Чем больше я на него смотрел, тем больше у меня возникало сомнений. По его словам – а он так щедро, хотя и в несколько туманной форме, делился с нами воспоминаниями о своей прежней жизни, – он исколесил весь центральный район и весь юго-запад Франции, проживая то у господина кюре такого-то, то у госпожи такой-то, то у святых отцов в С., и всегда в качестве гостя. Когда разразилась катастрофа, он уже неделю гостил у милейшего кюре в Ла-Роке, и тот у него на глазах отдал богу душу.
Похоже, что у нашего друга Фюльбера не было не только собственного прихода, но даже собственного дома. На какие же доходы он существовал? В его рассказах только и было речи, что о дамах-благодетельницах, поддерживавших его в бедности (хотя он с ней и «свыкся»), осыпавших его бесконечными подарками и оспаривавших друг у друга его общество. Как мне показалось, наш неотразимый Фюльбер говорил об этом не без некоторого кокетства, сознавая силу собственных чар.
На нем был темно-серый костюм, основательно поношенный, но, когда он отчистил его от пыли, вполне опрятный, рубашка с сильно истершимся, светского покроя воротничком. И вязаный темно-серый галстук. Но главное-на шее у Фюльбера на черном шнуре висел великолепный серебряный нагрудный крест, такие кресты, если не ошибаюсь, положено носить только епископам, но отнюдь не простым священникам.
– Если ты родом из Кагора, – начал я (твердо решив, несмотря на величественные повадки Фюльбера, обращаться к нему только на «ты»), – ты, вероятно, учился в тамошней семинарии?
– Само собой разумеется, – ответил Фюльбер, прикрыв тяжелыми веками свои косящие глаза.
– Интересно, в каком году ты туда поступил?
– Вот это спросил! – с детски добродушной ухмылкой воскликнул Фюльбер, по-прежнему не поднимая век. – Да это сто лет назад было! Как видишь, я уже далеко не мальчик, – снова не без кокетства добавил он.
– А все-таки постарайся припомнить! Что ни говори, а поступление в духовную семинарию немалое событие в жизни священника.
– Еще бы! – охотно откликнулся Фюльбер своим певучим голосом. – Это незабываемая дата.
Так как я упорно молчал, деваться ему было некуда, и он начал:
– Сейчас, сейчас... Было это, видимо, в пятьдесят шестом году. Да, да, – подтверждает он и снова делает вид, что роется в памяти, – конечно же, в пятьдесят шестом году.
– Я так почему-то и подумал, – восклицаю я, просияв. – Значит, ты поступил в семинарию в том же году, что и мой приятель Серюрье.

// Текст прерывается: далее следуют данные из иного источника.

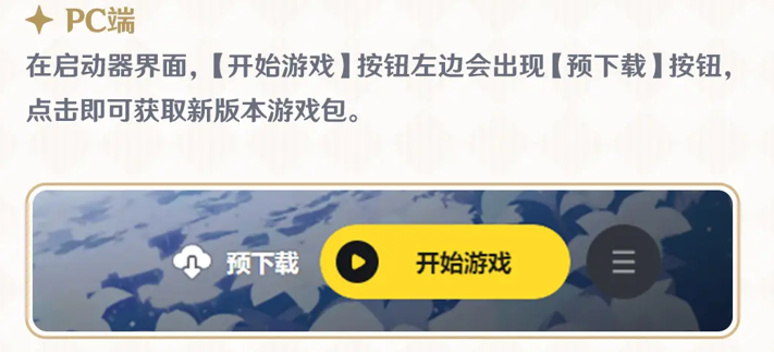 在启动器界面,【开始游戏】按钮左边会出现【预下载】按钮,点击即可获取新版本游戏包。

– Видишь ли... – ответил, снисходительно улыбнувшись, Фюльбер, – нас было так много, не мог же я всех знать.
– Не так уж много народу на одном курсе. А не заметить Серюрье просто невозможно. Огненно-рыжий великан, ростом почти в два метра.
– Ах, этот! Ну конечно, теперь, после того как ты мне его описал...
Фюльбер говорил сдержанно и, очевидно, почувствовал огромное облегчение, когда я попросил его рассказать нам о Ла-Роке.
– После взрыва, – начал он печально, – мы тяжко страждали.
Я сразу же подметил это слово. Сколько я раз слышал его в устах священников или тех, кто им подражает. Для них это вроде производственного термина, и, хотя в этом слове нет ничего приятного, почему-то они испытывают явное удовлетворение, произнося его. Говорят, что молодые священники теперь избегают его употреблять. Если это действительно так, тем лучше. Слово это внушает мне отвращение какимто оттенком самолюбования. Горе – и тем паче чужое горе – отнюдь не объект для смакования и вряд ли способно служить украшением прекрасным душам.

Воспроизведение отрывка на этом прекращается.